Было очень жарко; термометр показывал 42° на солнце. От жары, от запаха разогревшихся досок, мочалы, воблы у меня разболелась голова. Глубокая истома лежала на всем. Даже звуки «Дубинушки», хриплые, но стройные и не лишенные оригинальной прелести, звучали вяло и с усилием. Утомленным глазам было больно смотреть на рябоватую поверхность Волги — желтой вблизи и синей вдали, — на яркий блеск небес, на пыльный, желтый горизонт…
Наконец, в четыре часа наш поезд оставил Царицын. Некоторое время из окна вагона можно было видеть несравненную Волгу с огромными, неуклюжими барками, с белыми пароходами, с лодками, с бурлаками в красных и синих рубахах. Потом глинистые холмы закрыли ее, и скоро мы опять были в степи.
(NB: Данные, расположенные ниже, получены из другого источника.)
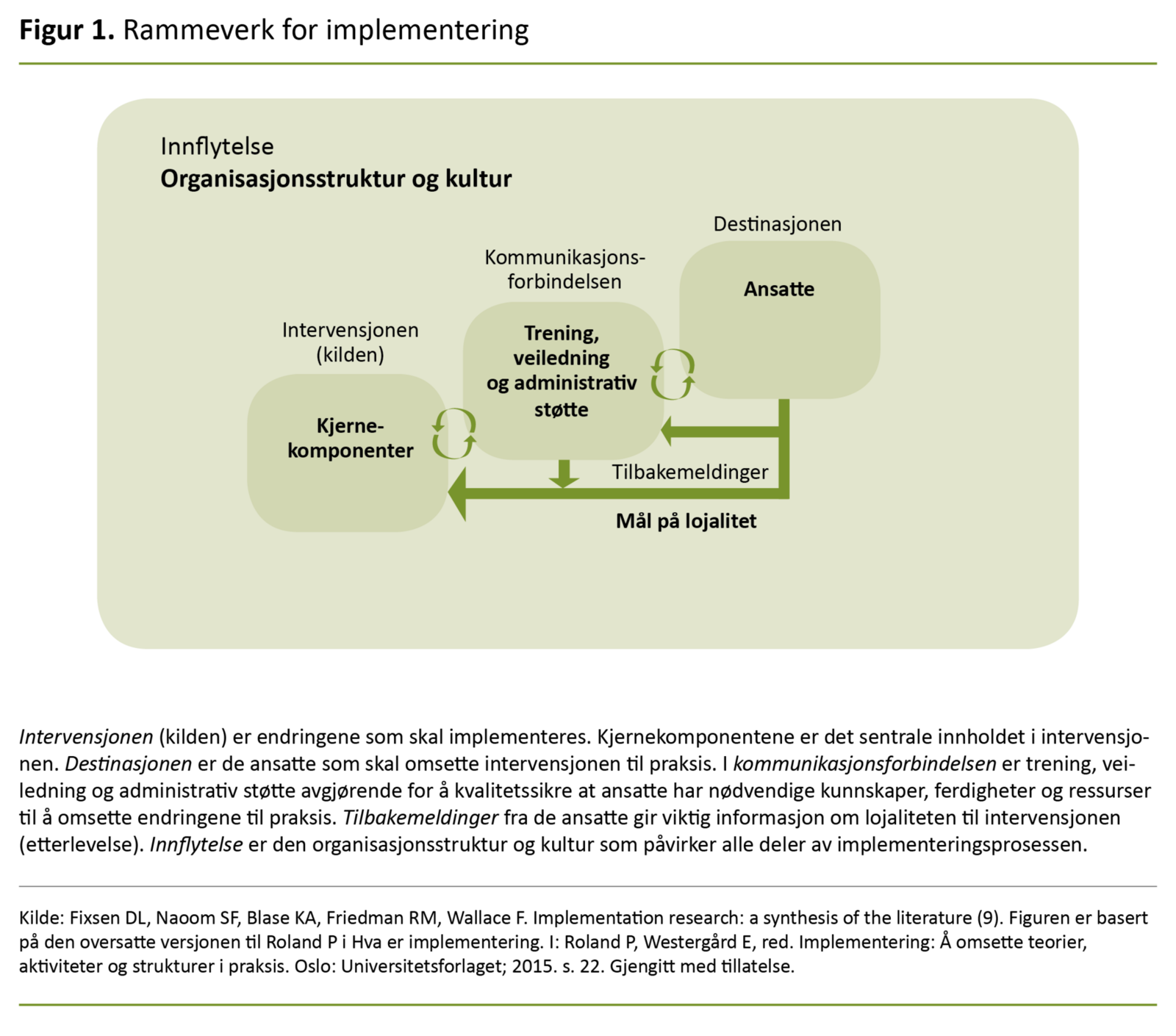 En norsk oppsummering av effektive implementeringsstrategier fra 2011 anbefaler at helsepersonell involveres mer i beslutningsprosesser (4). I Fixsen og medarbeideres implementeringsmodell er kommunikasjonsforbindelsen bindeleddet mellom retningslinjer og klinisk helsepersonell og avgjørende for å oppnå nødvendige kunnskaper og ferdigheter (figur 1) (9).

Головная боль совершенно обессилила меня. Я заснул и спал почти всю дорогу. Проснулся, когда солнце было уже низко над горизонтом, и освежающий, ласковый ветерок врывался в окно вагона. По степи потянулись длинные тени от холмов и кустов бурьяна; она приняла более привлекательный, таинственный и загадочно-задумчивый вид и стала точно еще шире. Вдали был уже виден синий нагорный берег Дона.
Через полчаса хутор Калач замелькал предо мной своими белыми домиками, крытыми железом и тесом. Множество детворы, а за нею и взрослые спешили в том же направлении, куда бежал наш поезд; туда же скакали на дрожках, запряженных маленькими лошадками, казаки-извозчики. Мальчуганы пронзительно свистали и махали руками смотревшим в окна пассажирам.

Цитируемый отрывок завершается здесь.